Peer VTEPs

When the threat defense sends a packet to a device behind a peer VTEP, the threat defense needs two important pieces of information:

  • The destination MAC address of the remote device

  • The destination IP address of the peer VTEP

The threat defense maintains a mapping of destination MAC addresses to remote VTEP IP addresses for the VNI interfaces.

VXLAN Peer

There are two ways in which the threat defense can find this information:

  • A single peer VTEP IP address can be statically configured on the threat defense.

    For IPv4: The threat defense then sends a VXLAN-encapsulated ARP broadcast to the VTEP to learn the end node MAC address.

    For IPv6: The threat defense then sends an IPv6 Neighbor Solicitation message to the IPv6 solicited-node multicast address. The peer VTEP responds with an IPv6 Neighbor Advertisement message with its link-local address.

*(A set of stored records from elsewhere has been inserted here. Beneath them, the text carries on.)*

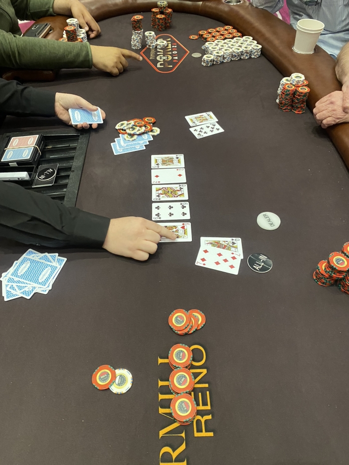 Jeg åbner til 15K med T♥T♦. Chippie som har spillet passivt caller. Der foldes rundt til min højremand som shover med samme stack som min. Jeg tager 90 sekunder i tanken og ender med et fold. Chippie caller med JJ og holder mod den andens AK.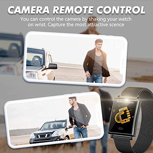 【Multiple Function】【Promemoria sedentario】 ti avvisa di rilassarti dopo un lungo lavoro 【Monitoraggio del sonno】 controlla la qualità del tuo sonno per aiutarti con un buon riposo 【Messaggi Ricorda】 ti aiuta a ottenere informazioni su Facebook e Ins, chiama e invia messaggi 【Scatta foto】 sull’orologio divertiti con amici 【IP68 impermeabile】 ti aiutano a nuotare 【Cardiofrequenzimetro e monitor di calorie】 ti aiutano a esercitare 【pressione sanguigna】 mantenerti in salute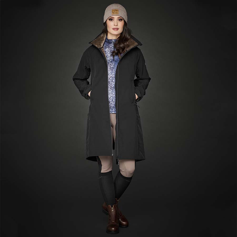 Stilren ridekåpe av softshell-material med en innside av herlig fuskpels og høy beskyttende krage. Kåpen er vanntett, vindtett og puster bra, som alle er egenskaper denne jakken til et perfekt ytterplagg å ta frem når den norske høsten sveiper over landet. Ørehetten er avtagbar slik at du kan tilpasse deg etter været. Selvfølgelig med ridslits slik at du sitter komfortabelt i salen og beskyttede lommer med glidelås.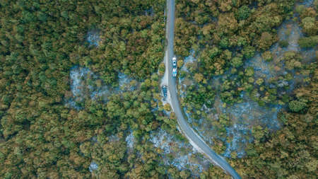 Aerial top view of curvy mountain road goingthroughthe pine forest.

  • A group of peer VTEP IP addresses can be statically configured on the threat defense.

    For IPv4: The threat defense then sends a VXLAN-encapsulated ARP broadcast to the VTEP to learn the end node MAC addresses.

    For IPv6: The threat defense then sends an IPv6 Neighbor Solicitation message to the IPv6 solicited-node multicast address. The peer VTEP responds with an IPv6 Neighbor Advertisement message with its link-local address.

  • A multicast group can be configured on each VNI interface (or on the VTEP as a whole).

    For IPv4: The threat defense sends a VXLAN-encapsulated ARP broadcast packet within an IP multicast packet through the VTEP source interface. The response to this ARP request enables the threat defense to learn both the remote VTEP IP address along with the destination MAC address of the remote end node.

    For IPv6: The threat defense sends a Multicast Listener Discovery (MLD) Report message through the VTEP source interface to indicate that the threat defense is listening on the VTEP interface for the multicast address traffic.

    This option is not supported with Geneve.

Geneve Peer

The threat defense virtual only supports statically defined peers. You can define the threat defense virtual peer IP address on the AWS Gateway Load Balancer. Because the threat defense virtual never initiates traffic to the Gateway Load Balancer, you do not also have to specify the Gateway Load Balancer IP address on the threat defense virtual; it learns the peer IP address when it receives Geneve traffic. Multicast groups are not supported with Geneve.